Schools who built their programme on an assumption that classroom teachers were able and willing to coach games are particularly vulnerable to this shortage. This model is creaking in many schools. It is a perfect storm. At the same time as parents demand a higher standard of coaching at all levels, and schools are offering a wider variety of sports than ever before, the number of teachers prepared to commit the time necessary to run teams, especially at weekends, is at an all-time low. The historic assumption that this time was given out of goodwill is questioned, as teachers see their colleagues begin their weekend on Friday afternoon, whilst they are committed to games which take much of Saturday. When the commitment of pupils cannot be assumed, and the task requires officiating before a critical audience of parents, the prospect become exponentially less attractive.

Girls’ schools never created the same dependency on generalist coaching. Their model of specialist teachers has many advantages – but capacity isn’t one of them. In order to match the extent of the programmes their co-educational competitors provide, they also depend on a peripatetic workforce to supplement their full time teachers.

It is easy to lapse into a culture of adding. As vacancies occur, a simple expedient is to throw at the problem the relatively small amounts of money necessary to hire an ‘outside’ coach. The theory is sound, and appears, at face value, to solve the problem. However, this assumes that there is a potential coaching workforce eager to be employed by schools for a couple of hours at a time. Finding this capacity, of adequate quality, is an increasing challenge for schools who have grown to depend upon these people.

When the pandemic struck, and the economics of schools were thrown into unprecedented turmoil, the part time coaches were the first to be dispensed with. Few had any employment rights, and they disappeared quickly. Some found alternative employment in the new growth industries, and discovered that being an Amazon driver was a more reliable and lucrative living than being a peripatetic sports coach.

As schools return to full capacity, staffing problems are recurring. Those teachers who got used to additional leisure time at weekends during lockdown are sometimes slow to resume a full commitment to school sport. And there are fewer part time ‘outside’ coaches to take up the slack. The sector can no longer depend upon this nebulous workforce to fill in the gaps.

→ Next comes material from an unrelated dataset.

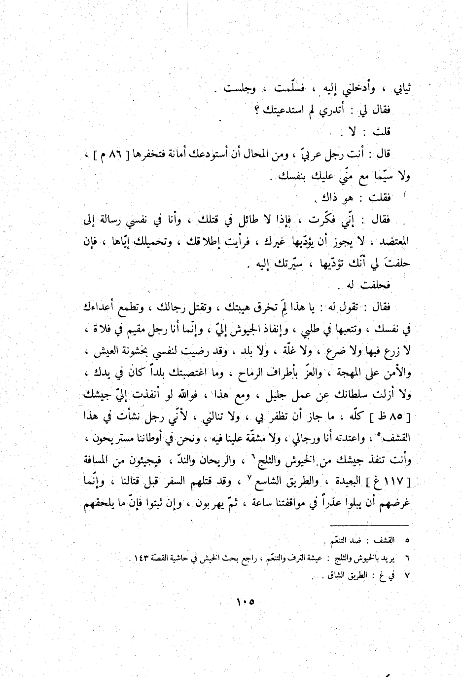فَقَالَ: تَقول لَهُ: يَا هَذَا لم تخرق هيبتك، وَتقتل رجالك، وتطمع أعداءك فِي نَفسك، وتتبعها فِي طلبي، وإنفاذ الجيوش إِلَيّ، وَإِنَّمَا أَنا رجل مُقيم فِي فلاة، لَا زرع فِيهَا وَلَا ضرع، وَلَا غلَّة وَلَا بلد، وَقد رضيت لنَفْسي بخشونة الْعَيْش، والأمن على المهجة، والعز بأطراف الرماح، وَمَا اغتصبتك بَلَدا كَانَ فِي يدك، وَلَا أزلت سلطانك عَن عمل جليل، وَمَعَ هَذَا، فوَاللَّه لَو أنفذت إِلَيّ جيشك كُله، مَا جَازَ أَن تظفر بِي، وَلَا تنالني؛ لِأَنِّي رجل نشأت فِي هَذَا القشف، واعتدته أَنا ورجالي، وَلَا مشقة علينا فِيهِ، وَنحن فِي أوطاننا مستريحون، وَأَنت تنفذ جيشك من الجيوش والثلج، وَالريحَان والند، فيجيئون من الْمسَافَة الْبَعِيدَة، وَالطَّرِيق الشاسع، وَقد قَتلهمْ السّفر قبل قتالنا، وَإِنَّمَا غرضهم أَن يبلوا عذرا فِي موافقتنا سَاعَة، ثمَّ يهربون، وَإِن ثبتوا فَإِن مَا يلحقهم

Peripateic games coaches were never the perfect answer. Unseen in the corridors where much of the culture of school sport is established, unfamiliar with pupils, processes and the standards of school sport, they were often an unsatisfactory expedient. Getting the good ones depended too much on luck, and was therefore unsustainable. As demand exceeds supply, quality of applicants inevitably declines to the stage where schools are grateful to find anyone at all to fill some gaps.

The answer is not to reform this system, but to transform it. Finding more, barely adequate, scarcely committed, part time coaches able to do an average job is not the answer. The staffing of school sport needs an overhaul that will enable it to deliver sustainable, higher quality programmes into the future. That will not be achieved by tempting a few Amazon drivers back into their tracksuits.